Thorsten-Voice - High-quality German TTS voice for offline use without licensing restrictions

Introduction to Thorsten-Voice Project

Thorsten-Voice logo

The Thorsten-Voice project is a fascinating initiative aimed at creating a free, high-quality, offline German text-to-speech (TTS) voice system that can be easily integrated into various projects without the hassle of licensing issues. The project centers around making accessible voice technology available to everyone.

Motivation for Thorsten-Voice Project

Thorsten Müller, the primary contributor of the Thorsten-Voice project, envisioned a world where high-quality TTS technology is accessible to all, irrespective of gender, orientation, or background. His contribution is rooted in his belief in equality and access to open knowledge across the globe. Though he admits he is not a professional voice talent, Thorsten passionately shares his voice recordings with the world to advance this vision.

Voice Datasets

Thorsten-Voice offers several openly available voice datasets, which can be freely downloaded from Zenodo. These datasets have been used to train various TTS models, reflecting different nuances and emotional expressions. Each dataset is carefully recorded and optimized by Thorsten Müller and Dominik Kreutz.
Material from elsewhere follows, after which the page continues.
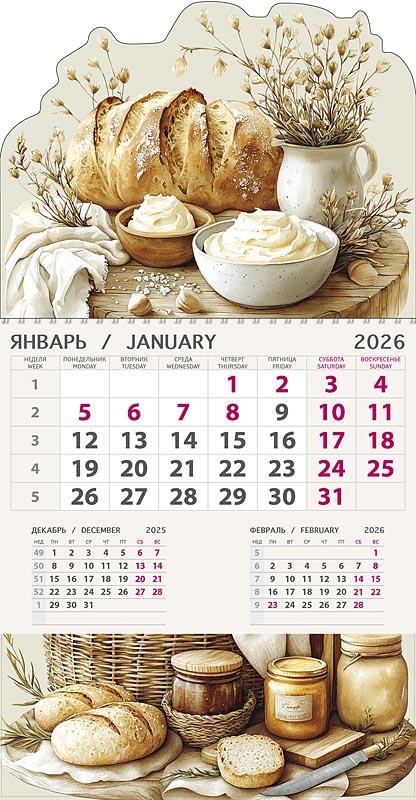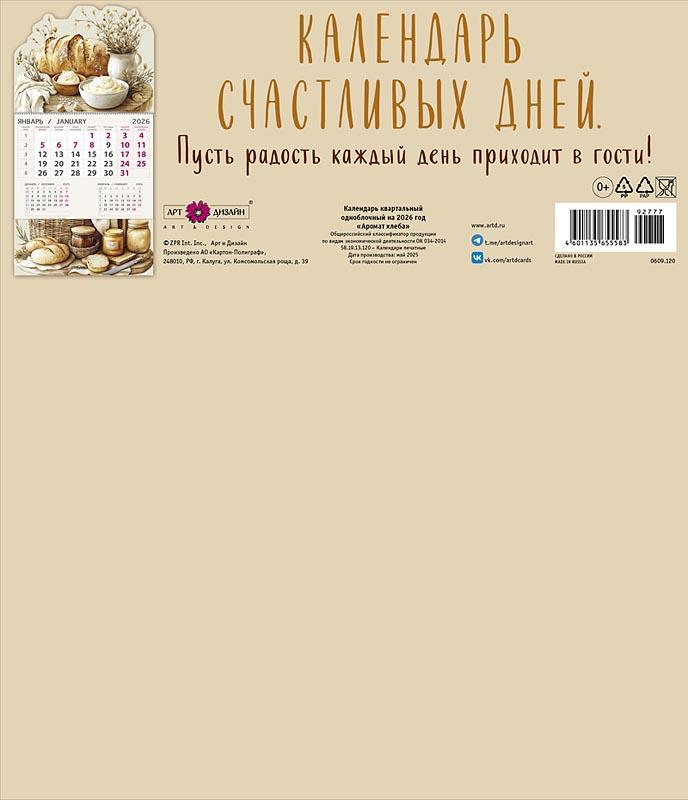| Календарь настенный квартальный на 2026год на 1 спирали 1 блок (Арт и Дизайн) 0609 120 29, 5*42см Аромат хлеба (п/упаковка с европодвесом)  Настенный календарь - это универсальный атрибут дома и офиса. Помимо своей основной функции - сообщать текущую дату; он помогает планировать дела, подводить итоги дня, недели и месяца. Яркий и красивый календарь может служить украшением стены и оживлять дизайн помещения. Календарями пользуются бизнесмены и политики, менеджеры и преподаватели, медики, студенты и школьники. Его можно использоватьи в домашнем обиходе; отмечать события и дела, связанные с жизнью семьи, обучать ребенка ориентироваться в днях недели. Человечество изобрело календарь для того, чтобы иметь возможность планировать будущее. |

Thorsten-Voice Dataset 2021.02 (Neutral)

This dataset includes more than 23 hours of audio, featuring 22,668 recorded phrases. With an average phrase length of 52 characters, these recordings are optimized for clarity and quality, boasting a sample rate of 22,050Hz.

Thorsten-Voice Dataset 2021.06 (Emotional)

This emotional dataset was crafted with expressive variations, including 300 sentences across eight emotions, culminating in 2,400 distinct recordings. Each sentence is deliberately pronounced to embody a particular emotion, regardless of context.

Additional Datasets

The project also features datasets from 2022.10 (Neutral) and 2023.09 (Hessisch), alongside a comprehensive FULL 44kHz dataset celebrating the five-year anniversary of Thorsten-Voice. These datasets represent ongoing improvements and diversity in voice recordings.

TTS Models

Open source datasets have empowered the creation of numerous TTS models utilizing artificial intelligence and machine learning. These models are used in projects like Coqui AI, Piper TTS, and Home Assistant, making German-speaking TTS models broadly available. Thorsten-Voice also offers resources for neutral, emotional, and regional accents like Hessisch.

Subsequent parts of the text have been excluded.